TM: There is currently an exhibition of Abstract Expressionism at the Museum of Modern Art in New York, including the early paintings of Phillip Guston.
KH: The shimmering field works?
TM: Yes. Speaking about refraction of light, I never noticed the quality of paint or thought about that until I saw those works from the fifties juxtaposed with the works from the sixties. Guston made the paint himself in the fifties. It is actually very matte. The longer I spent looking at these early paintings the more I realized how the materials did in fact enhance the art-making. Rilke wrote of “hand-work” in relation to Cézanne’s painting. The same sentiment is true with Guston. The works do shimmer as you described, but not because they reflect light from the surface. The materials produce this sensation by the nature of the composition of the paint and his touch.
KH: Yes. I agree. The shimmering red field paintings with all their cross hatching seem to glow.
TM: Considering “hand-work,” how were your experiences growing up in the rural Northwest?
KH: It was very different.
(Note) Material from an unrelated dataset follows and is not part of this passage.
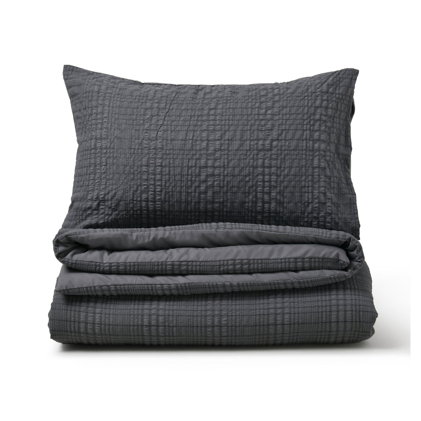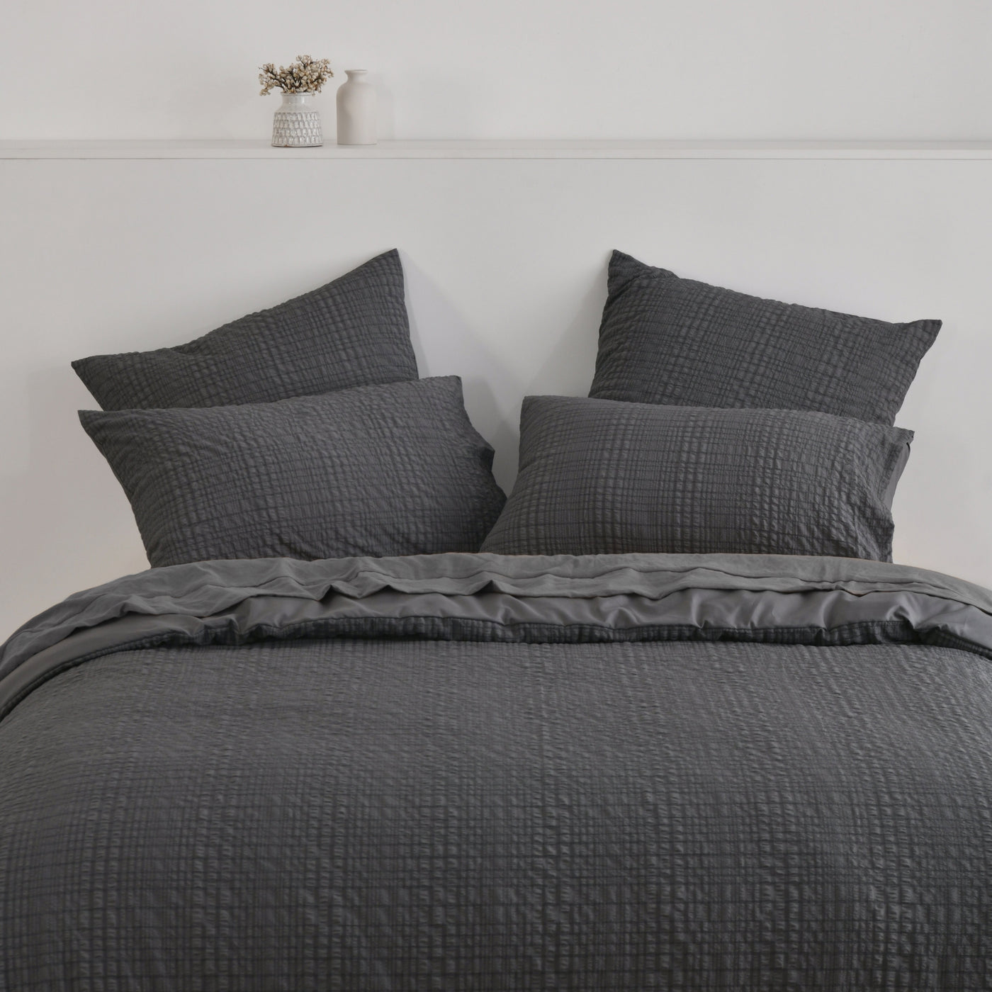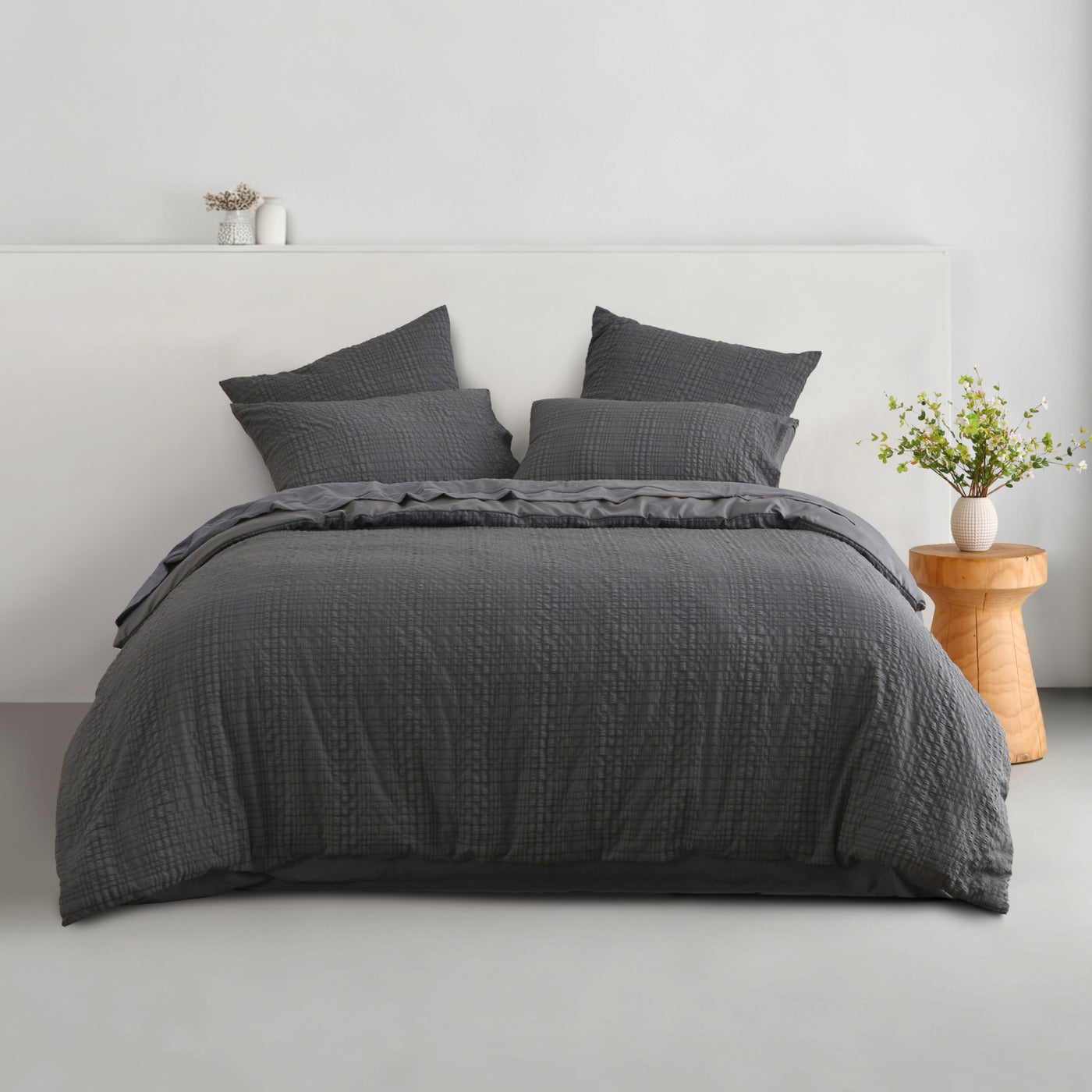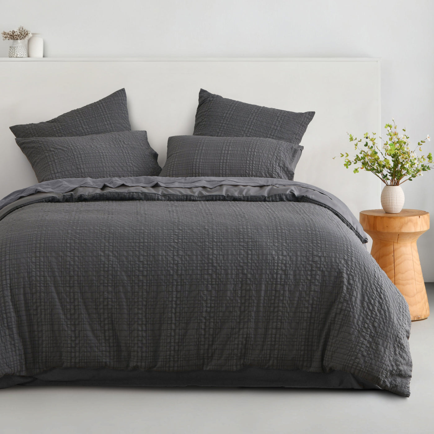 Elevate your bedroom with understated texture and rich colour using our Ellis Seersucker Quilt Cover Set. The Ellis quilt cover and matching pillowcase(s) features a subtle two-toned seersucker crinkle for visual depth and dimension. The textured top is paired with a smooth microfibre reverse that's buttery soft against the skin.Features• Textured two-toned seersucker• Buttery soft microfibre reverse• Machine washable, quick drying and easy care• No ironing required thanks to the subtle texture• Designed to coordinate with the Dreamaker Superfine rangeSizesSingle - Quilt Cover 140 x 210cm | 1 Pillowcase 48 x 73cmKing Single - Quilt Cover 160 x 210cm | 1 Pillowcase 48 x 73cmDouble - Quilt Cover 180 x 210cm | 2 Pillowcases 48 x 73cmQueen - Quilt Cover 210 x 210cm | 2 Pillowcases 48 x 73cmKing - Quilt Cover 245 x 210cm | 2 Pillowcases 48 x 73cmSuper King - Quilt Cover 270 x 240cm | 2 Pillowcases 48 x 73cmMaterialMicrofibreCare InstructionsWash separately before first use. Cold gentle machine wash with simlar colours. Colour safe detergent recommended. Tumble dry low. Iron on reverse only. Do not bleach. Do not dry clean.Made in China.

My parents owned a ten-acre piece of property in Washington State.
TM: How do you imagine it affected you artistically? You said earlier that you had much more exposure to Asian art. What was the environment like?
KH: My Dad left Los Angeles to escape the city, so when we moved we kind of stopped…we did not drop out totally, but we were pretty isolated. We had a farm with animals. We were not a big producing farm or anything like that, but we were self-sustaining. That affected me in terms of my work. I think about not wasting things. I think about economy. I guess when you grow up that way you start to realize that everything you do has to be as good as possible. If it’s not, you may not have enough food or enough food for the animals, enough food for the winter. You grow to appreciate things differently. That’s probably the most fundamental way growing up there affected me. I grew up doing everything by hand. I did not have many outside influences. We had a television, but we did not sit around and watch it much. It was different. We canned all our own food.
TM: That experience sounds enriching on many levels.
KH: It still sounds wonderful to me too. It is an extreme amount of work. It is almost an environment where there is no room for art. I didn’t grow up with books. I studied the piano, but I never went to a museum until I was in my twenties. There is not much room for that.
TM: Because time is taken by labor?
KH: Yes. I can’t overstate how much work it is. It is rewarding, very rewarding.
TM: There is something very beautiful about the labor of “making.” When you become comfortable baking bread, making yogurt, jarring preserves, there is a feeling of accomplishment that I find similar to art-making. Baking boules of bread requires a temperament that is the same for drawing, paying attention to all different factors while progressing horizontally at the same time. The seasons affect everything.
KH: Yes, especially the cyclical nature of things. It must. I know for me it does; the active and dormant aspects of it in relation to my work.
TM: Explain what you mean by active and dormant.
KH: Well, there is definitely an on-time. It’s called the summer. You are living that kind of life and in the autumn you have to get everything out of the ground and jammed. It’s every day, all day. Then there is the winter time when it is really cold and you can’t really do anything but keep snow off the ground. It makes me more comfortable now that I have a child. I don’t feel hurried by my work. It’s easier for me to step back. There are times when I work and times when I can’t.
TM: The cyclical nature of working can lead to making better work for some artists.
KH: Yes, that’s true. Even if you aren’t actively thinking about art, you are brewing things in your mind.
TM: It was a surprise to learn that half of Washington State is arid like a desert.
KH: There are parts that are like that. We call it high prairie. Much of it is wheat growing and alfalfa growing. You fly over it and you feel like you are flying over the Midwest. Did you drive across?
TM: I drove two hours east from Seattle.